===== DATA LISTING =====

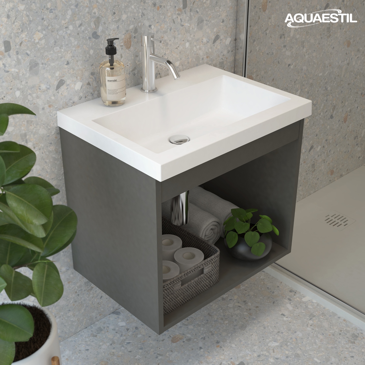 Umivaonici kupaonskog namještaja Aquaestil izrađeni su od lijevanog mramora ili, kod određenih linija, od keramike. Za čišćenje i održavanje Aquaestil umivaonika možete upotrijebiti Aquaestil sredstvo za čišćenje akrilnih i staklenih površina ili standardni tekući kupaonski deterdžent. Za skidanje kamenca preporučamo alkoholni ocat ili sredstva namijenjena čišćenju kamenca bez mikrogranula koje bi mogle strugati površinu umivaonika.
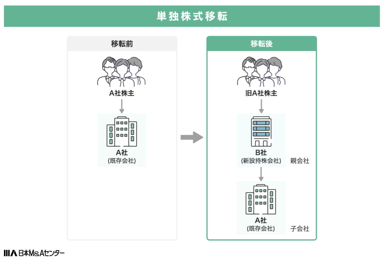 単独株式移転とは、1社が単独で株式移転を行い、自社の全株式を新設会社に取得させて完全親子会社を形成する方法です。
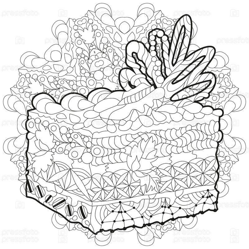 Векторный кусок пирога с абстрактными орнаментами мандалы.Ручная иллюстрация для окраски, для футболки в стиле зентагле, в стиле каракулей
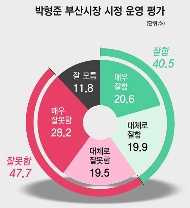 박형준 시정 운영 “잘한다” 40.5% vs “잘 못한다” 47.7% [부산일보 여론조사]
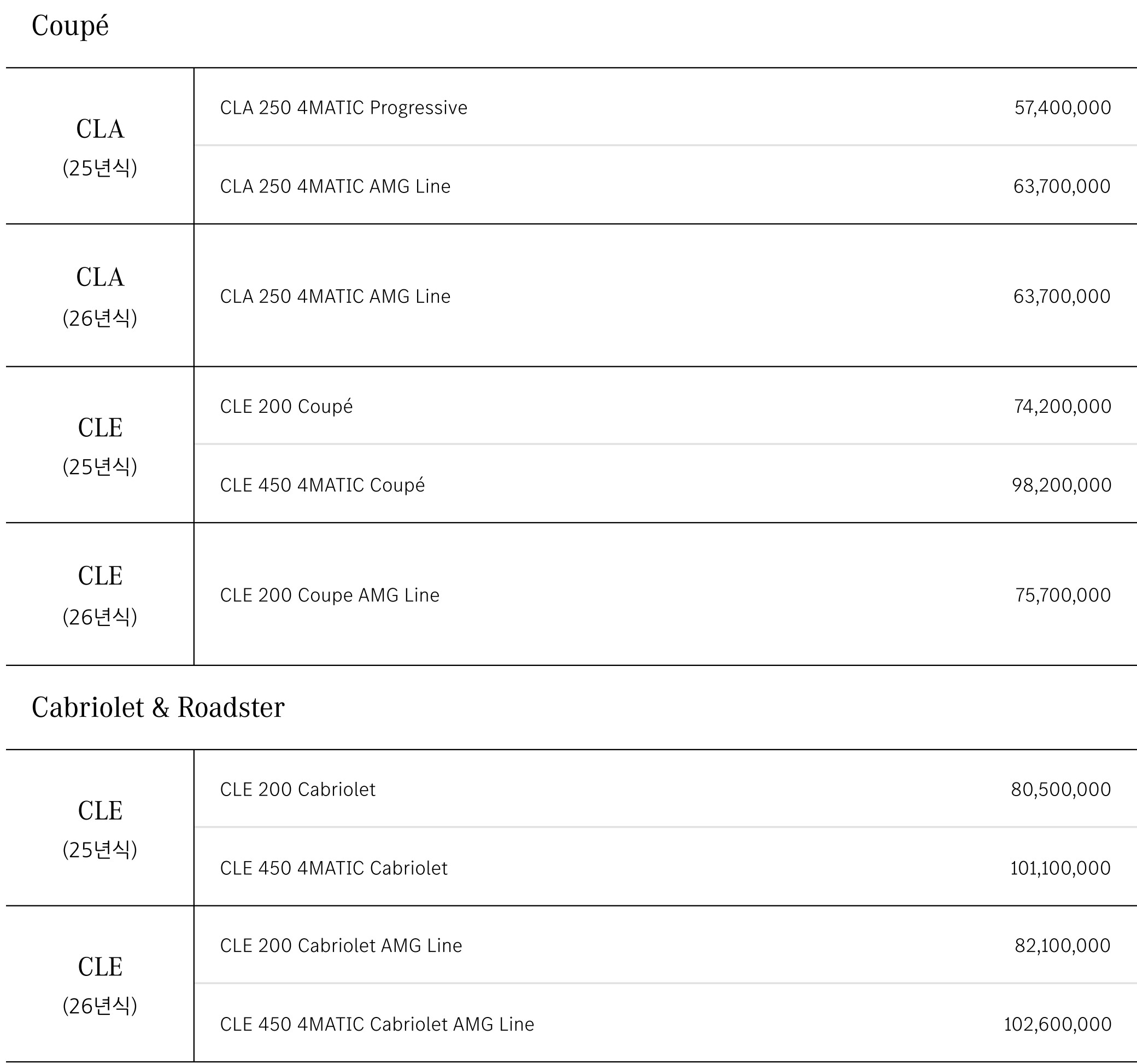 26년식 CLE AMG 쿠페 및 카브리올레 라인업이 각각 추가되었습니다.

=====

WHAT YOU NEED TO DO: Quote the material exactly. Pictures stay out.

SOLUTION:
 Umivaonici kupaonskog namještaja Aquaestil izrađeni su od lijevanog mramora ili, kod određenih linija, od keramike. Za čišćenje i održavanje Aquaestil umivaonika možete upotrijebiti Aquaestil sredstvo za čišćenje akrilnih i staklenih površina ili standardni tekući kupaonski deterdžent. Za skidanje kamenca preporučamo alkoholni ocat ili sredstva namijenjena čišćenju kamenca bez mikrogranula koje bi mogle strugati površinu umivaonika.
 単独株式移転とは、1社が単独で株式移転を行い、自社の全株式を新設会社に取得させて完全親子会社を形成する方法です。
 Векторный кусок пирога с абстрактными орнаментами мандалы.Ручная иллюстрация для окраски, для футболки в стиле зентагле, в стиле каракулей
 박형준 시정 운영 “잘한다” 40.5% vs “잘 못한다” 47.7% [부산일보 여론조사]
 26년식 CLE AMG 쿠페 및 카브리올레 라인업이 각각 추가되었습니다.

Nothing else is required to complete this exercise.